In vivo and in vitro assessment of muscle function
In vivo muscle function was assessed using the voluntary running wheel on 7 and 14 months old male mice as previously described47. For in vitro assessment of muscle function, force measurements were assessed using a force transducer (MyoTonic, Heidelberg), and by measuring the force generated in response to different protocols including a single twitch (15 V pulses for 0.5 ms duration) and tetanic frequency pulses (50, 100 and 150 Hz) in soleus (slow muscle) and (50, 100 and 200 Hz) in extensor digitorum longus (EDL, fast muscle). Resistance of muscle to fatigue was also measured in EDL and Soleus muscles isolated from WT and SRP35TG mice kept for 2 generations on a low Vitamin A diet. EDL and Soleus were incubated in Krebs Ringer containing 100 nM insulin, and stimulated with a train of tetanic stimulation (EDL: 70 Hz, 300 ms duration; Soleus: 600 ms duration, 50 Hz) delivered at 0.33 Hz48
Basic metabolic rate
The metabolic rate of WT and TG (7 months old) male mice was assessed by indirect calorimetry using a Comprehensive Lab Animal Monitoring System (Oxymax/CLAMS; Columbus Instruments, Columbus, OH, USA). Following an initial 48 h acclimatization, mice were monitored every 17 min for 24 h for a complete 12 h active (dark) and 12 h inactive (light) cycle. Oxygen consumption (VO2), CO2 production (VCO2), physical activity, heat production and respiratory exchange ratio (RER = V˙CO2 /VO2) were measured during 72 hours.
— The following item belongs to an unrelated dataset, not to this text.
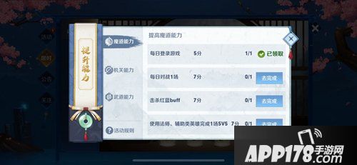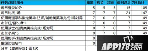 3.提升能力(分数):每日完成登录、对局、完成学科特殊任务可分别魔道、武道、机关三科分数(详见提升能力面板),活动期间分享稷下的邀约(图片)可额外+50分,规则如下表: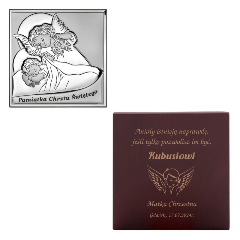 Obrazek posrebrzany / Obrazek Anioł Stróż/ Pamiątka Chrztu Św./ 13cm x 13cm/ Grawer

Histological examination, changes in muscle fiber type and glycogen content
Calculation of the minimal Feret’s diameter, the closest possible distance between the two parallel tangents of an object, was determined as previously described49. Images were obtained using an Olympus IX series microscope and analyzed using the CellP Software. The fiber type composition was assessed by determining the expression of different myosin heavy chain isoforms by high resolution gel electrophoresis followed by Coomassie Brilliant blue gel staining as described50,51.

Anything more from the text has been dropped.